Information: Begin
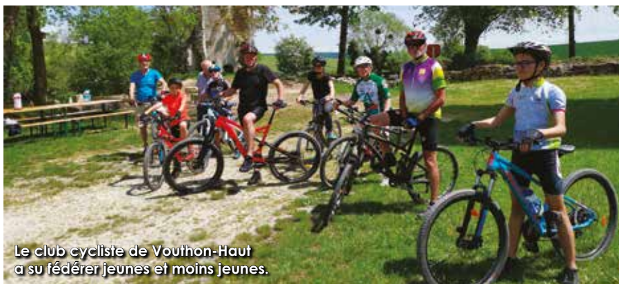
Le club cycliste de Vouthon-Haut a su fédérer jeunes et moins jeunes.

En 2019, la Communauté de Communes des Portes de Meuse subventionne 21 projets et a mis en place plusieurs conventions d'objectifs, pour une enveloppe totale de 149 000 €.
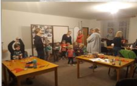
Vánoční dílnička nejen pro děti
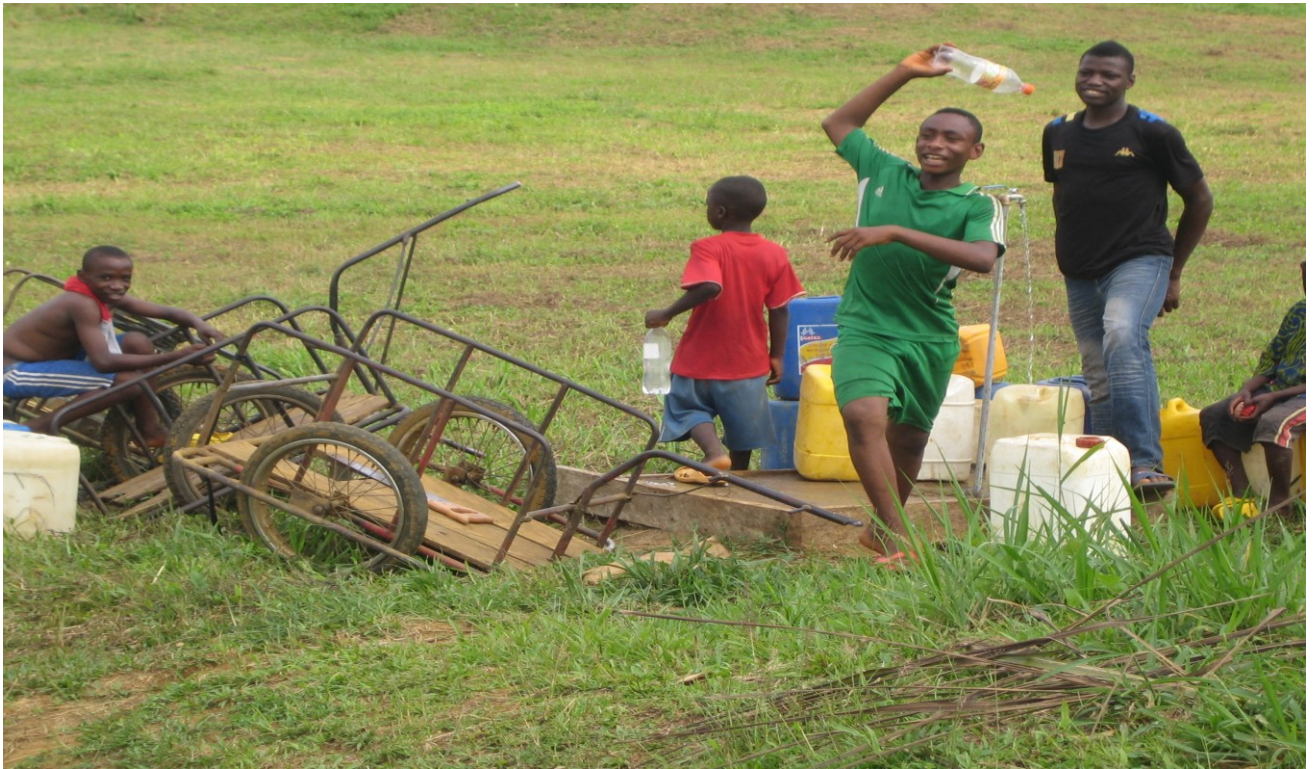
Die Kinder sind sehr Zufrieden mit der Entwicklung in Mbonge Maromba.
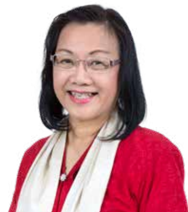
Maria Chin Abdullah Naib Pengerusi APPGM-SDG Ahli Parlimen Petaling Jaya
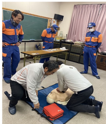
11月の寺方1区講習会の様子 楽しく学びました!!

誰かが倒れていた時、あなたは救命のお手伝いができますか? AEDを使うことができますか?
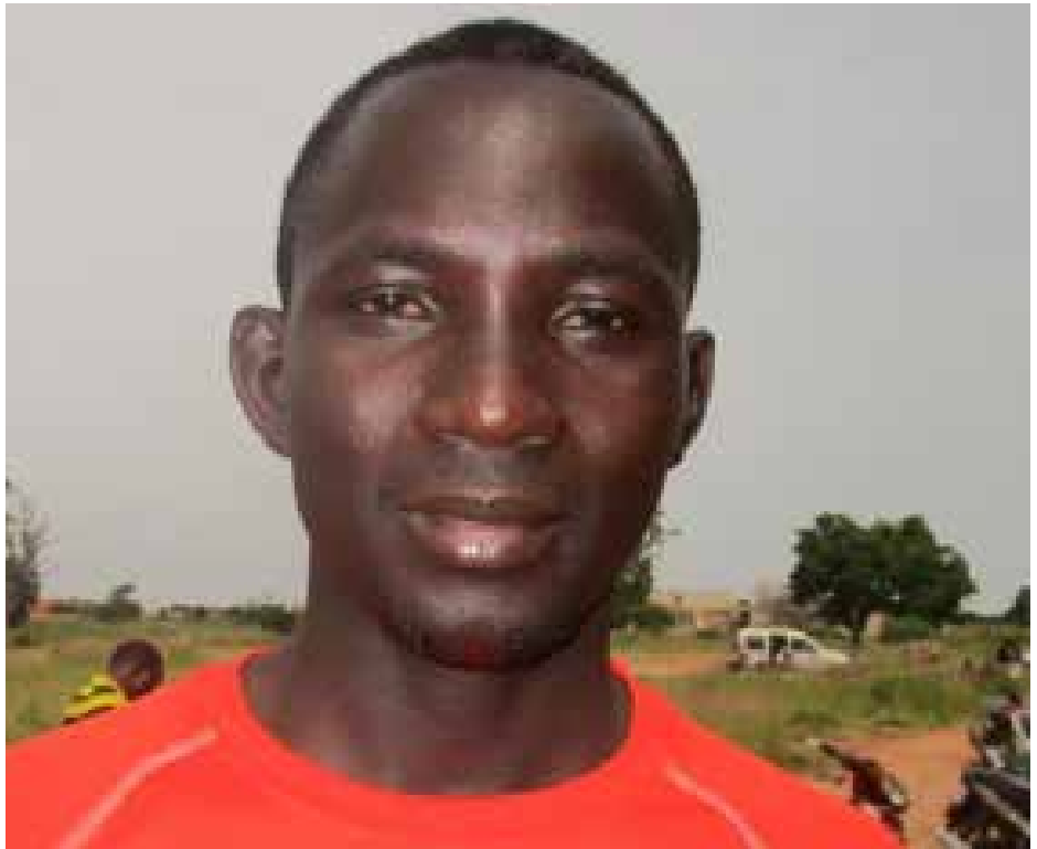
Zongo Tanga: option français histoire géographie.

«La formation a été de niveau, cela va nous permettre de relever un temps soit peu notre niveau et aussi cela va nous permettre d'être efficace sur le terrain vu que les professeurs se sont donnés pour nous livrer le savoir. Avec les attestations on est motivé, encouragé d'aller sur le terrain et de faire notre mieux pour transmettre le savoir dans
Information: End
_Task goal:_
Please repeat, exactly as written, the lines in the records above, starting with the one that has "En 2019, la" and going on through the one that has "Die Kinder sind". Pictures are to be left out.

_Exercise output:_
En 2019, la Communauté de Communes des Portes de Meuse subventionne 21 projets et a mis en place plusieurs conventions d'objectifs, pour une enveloppe totale de 149 000 €.
Vánoční dílnička nejen pro děti
Die Kinder sind sehr Zufrieden mit der Entwicklung in Mbonge Maromba.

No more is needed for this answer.